*Task:* Beginning at the line containing "FÖRSKÄRARKNIV Av stål, med", repeat each line below exactly up to and including the line containing "消防員、交警和電力工作人員聯". Do not repeat the pictures.

*Supplied entries:*

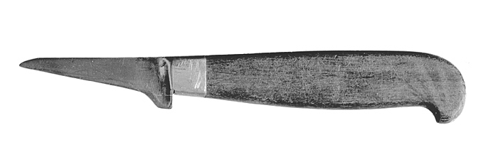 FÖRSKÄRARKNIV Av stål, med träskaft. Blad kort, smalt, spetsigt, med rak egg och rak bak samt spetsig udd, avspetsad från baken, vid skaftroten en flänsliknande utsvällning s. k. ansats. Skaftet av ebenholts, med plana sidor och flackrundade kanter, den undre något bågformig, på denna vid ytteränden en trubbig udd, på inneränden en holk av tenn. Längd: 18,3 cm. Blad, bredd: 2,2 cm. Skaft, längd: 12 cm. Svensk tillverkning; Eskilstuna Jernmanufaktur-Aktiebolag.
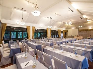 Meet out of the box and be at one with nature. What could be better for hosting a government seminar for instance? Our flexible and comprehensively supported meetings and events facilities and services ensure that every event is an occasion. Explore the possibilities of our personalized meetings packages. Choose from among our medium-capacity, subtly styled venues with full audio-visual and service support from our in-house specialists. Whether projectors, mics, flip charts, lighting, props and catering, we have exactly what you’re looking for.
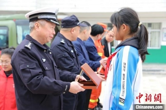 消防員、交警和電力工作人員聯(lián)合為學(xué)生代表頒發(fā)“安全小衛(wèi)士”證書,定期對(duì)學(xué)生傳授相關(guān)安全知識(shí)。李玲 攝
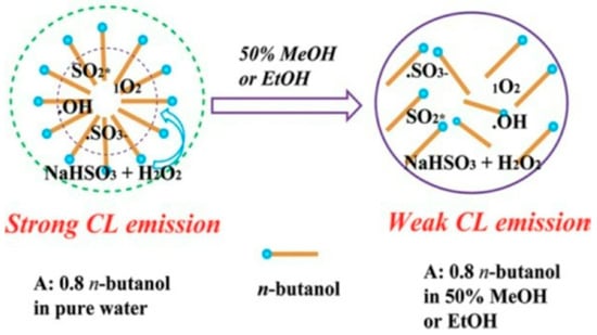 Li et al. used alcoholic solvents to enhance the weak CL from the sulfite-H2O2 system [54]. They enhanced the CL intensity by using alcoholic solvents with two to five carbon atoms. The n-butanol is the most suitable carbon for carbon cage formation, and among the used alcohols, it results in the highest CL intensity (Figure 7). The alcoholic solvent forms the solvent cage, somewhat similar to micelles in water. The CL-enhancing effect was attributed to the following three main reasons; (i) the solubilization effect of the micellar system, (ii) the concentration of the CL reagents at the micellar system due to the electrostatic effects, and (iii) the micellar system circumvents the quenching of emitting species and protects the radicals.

...

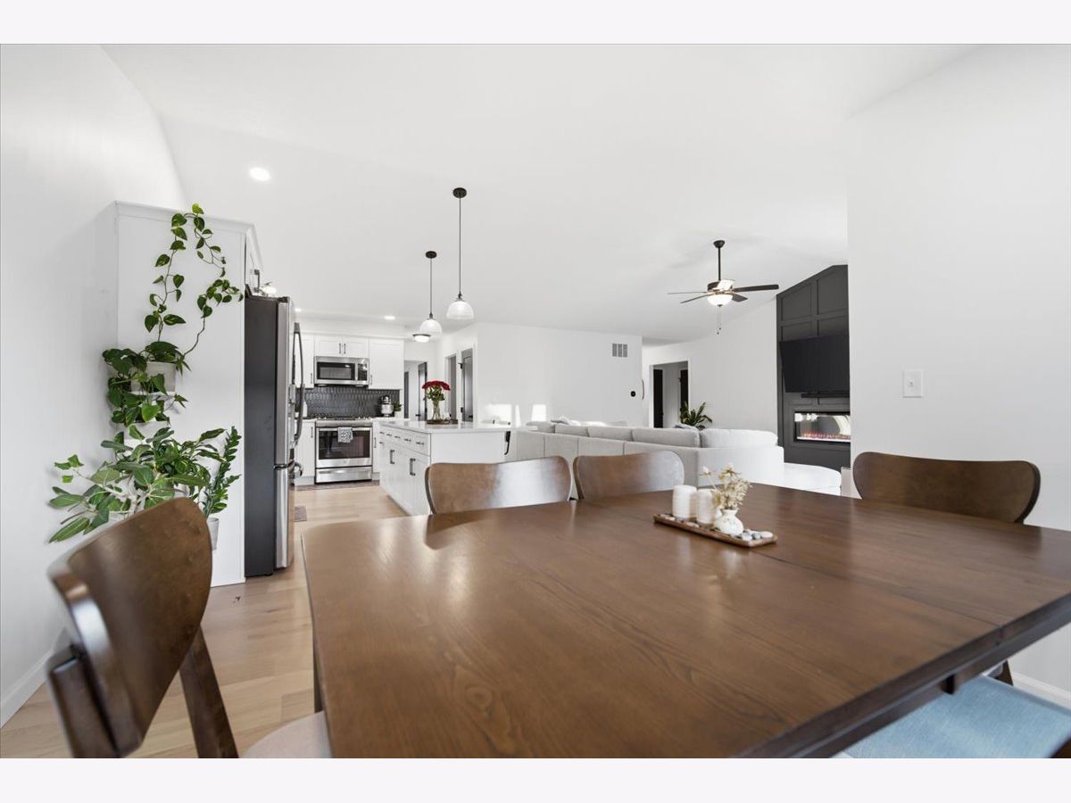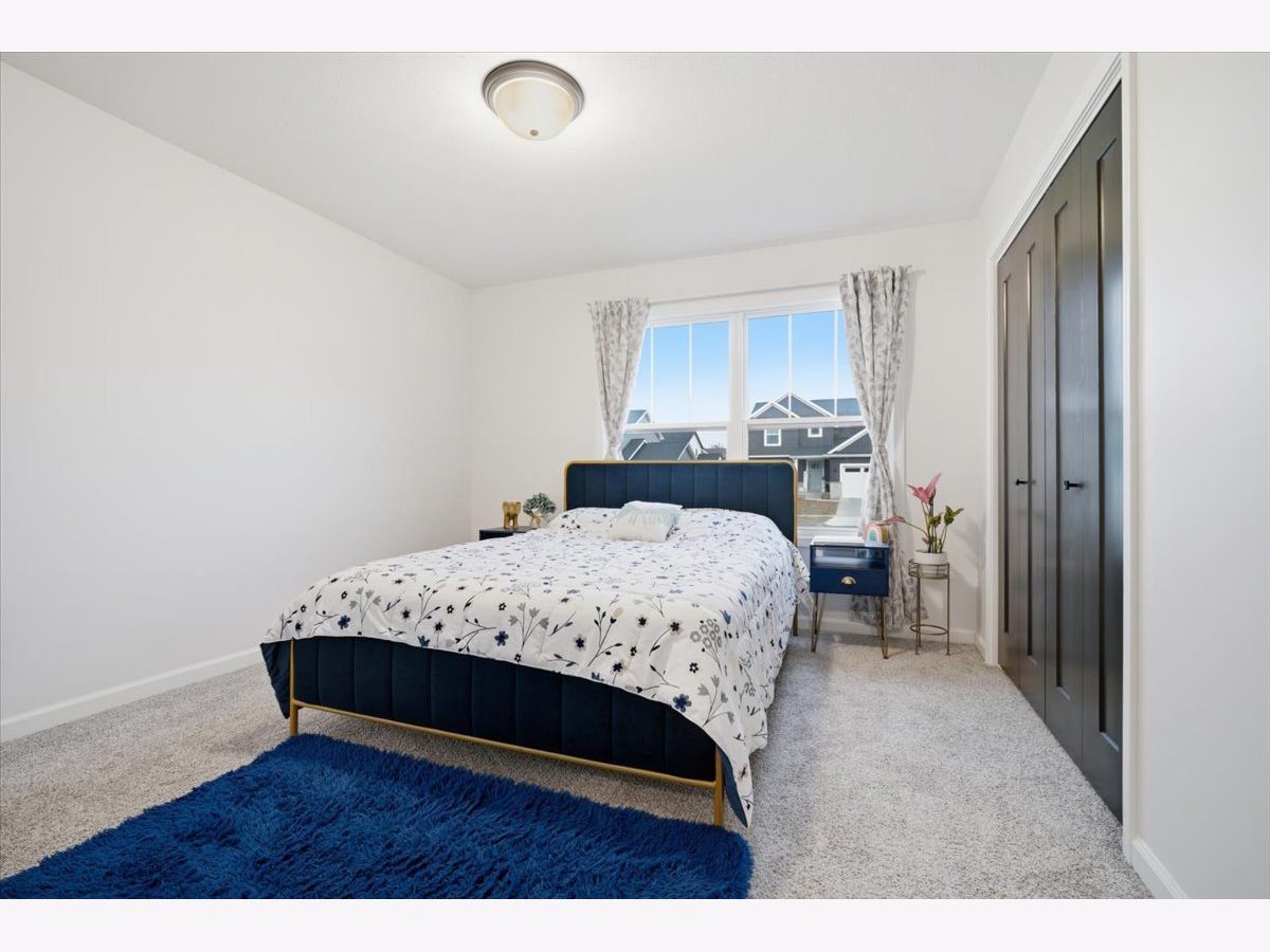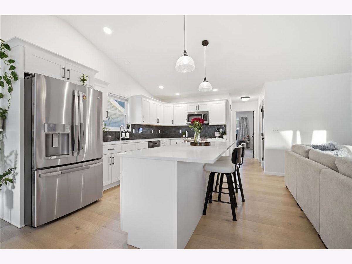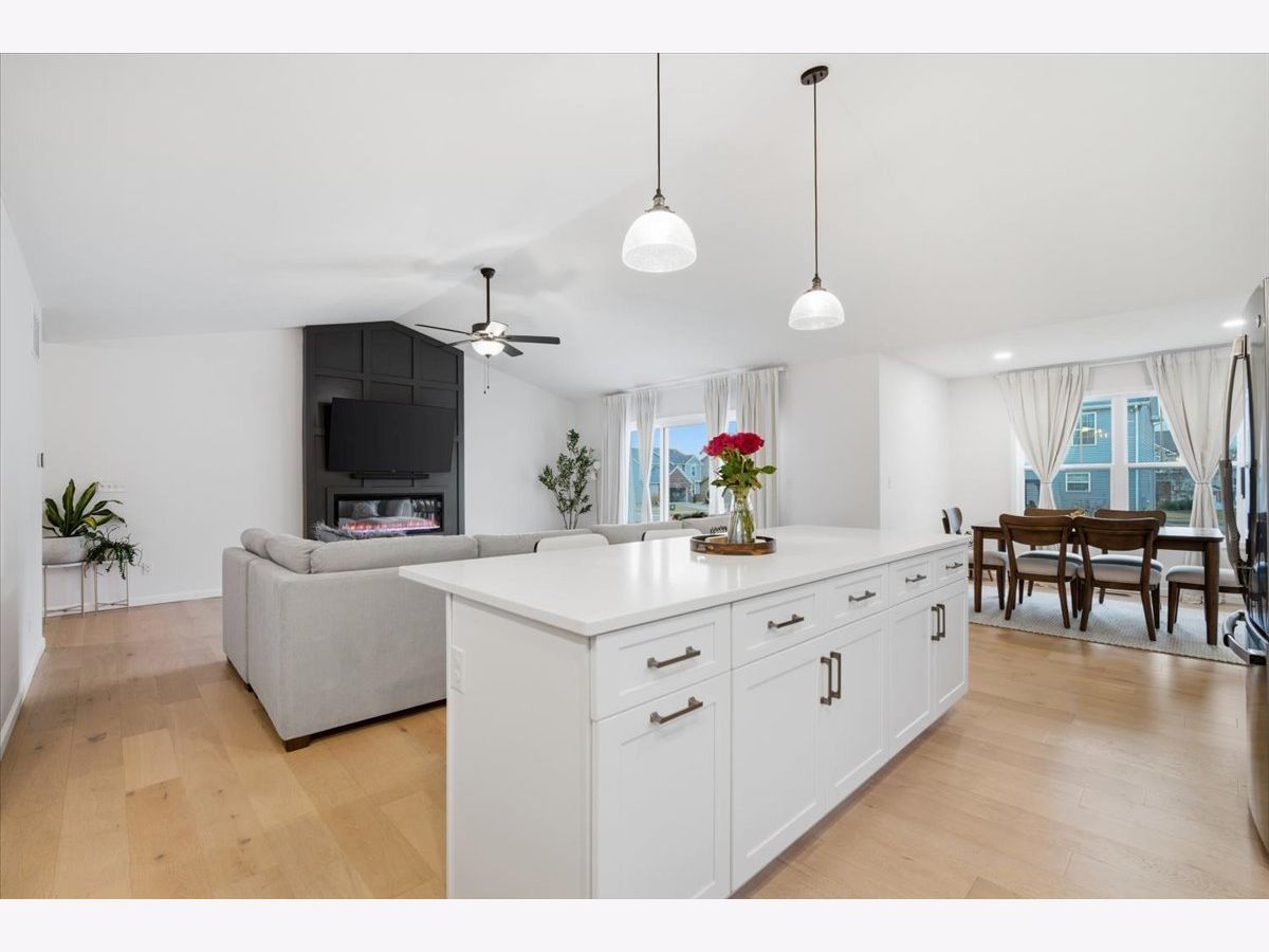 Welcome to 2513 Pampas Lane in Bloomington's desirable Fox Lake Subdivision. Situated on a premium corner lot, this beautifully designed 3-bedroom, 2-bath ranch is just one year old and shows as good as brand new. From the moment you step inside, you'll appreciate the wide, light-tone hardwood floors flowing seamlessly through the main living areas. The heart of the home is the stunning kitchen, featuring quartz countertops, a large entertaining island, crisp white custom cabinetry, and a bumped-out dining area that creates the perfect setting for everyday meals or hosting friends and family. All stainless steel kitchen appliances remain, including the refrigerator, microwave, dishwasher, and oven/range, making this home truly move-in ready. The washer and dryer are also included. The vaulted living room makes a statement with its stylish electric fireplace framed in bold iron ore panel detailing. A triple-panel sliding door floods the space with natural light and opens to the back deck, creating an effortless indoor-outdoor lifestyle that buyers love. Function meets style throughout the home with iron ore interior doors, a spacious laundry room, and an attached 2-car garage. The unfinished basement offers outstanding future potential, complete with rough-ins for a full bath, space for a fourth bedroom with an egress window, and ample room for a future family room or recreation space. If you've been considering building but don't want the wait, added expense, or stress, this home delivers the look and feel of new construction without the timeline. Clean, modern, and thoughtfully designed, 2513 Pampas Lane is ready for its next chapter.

*Exercise response:*
 FÖRSKÄRARKNIV Av stål, med träskaft. Blad kort, smalt, spetsigt, med rak egg och rak bak samt spetsig udd, avspetsad från baken, vid skaftroten en flänsliknande utsvällning s. k. ansats. Skaftet av ebenholts, med plana sidor och flackrundade kanter, den undre något bågformig, på denna vid ytteränden en trubbig udd, på inneränden en holk av tenn. Längd: 18,3 cm. Blad, bredd: 2,2 cm. Skaft, längd: 12 cm. Svensk tillverkning; Eskilstuna Jernmanufaktur-Aktiebolag.
 Meet out of the box and be at one with nature. What could be better for hosting a government seminar for instance? Our flexible and comprehensively supported meetings and events facilities and services ensure that every event is an occasion. Explore the possibilities of our personalized meetings packages. Choose from among our medium-capacity, subtly styled venues with full audio-visual and service support from our in-house specialists. Whether projectors, mics, flip charts, lighting, props and catering, we have exactly what you’re looking for.
 消防員、交警和電力工作人員聯(lián)合為學(xué)生代表頒發(fā)“安全小衛(wèi)士”證書,定期對(duì)學(xué)生傳授相關(guān)安全知識(shí)。李玲 攝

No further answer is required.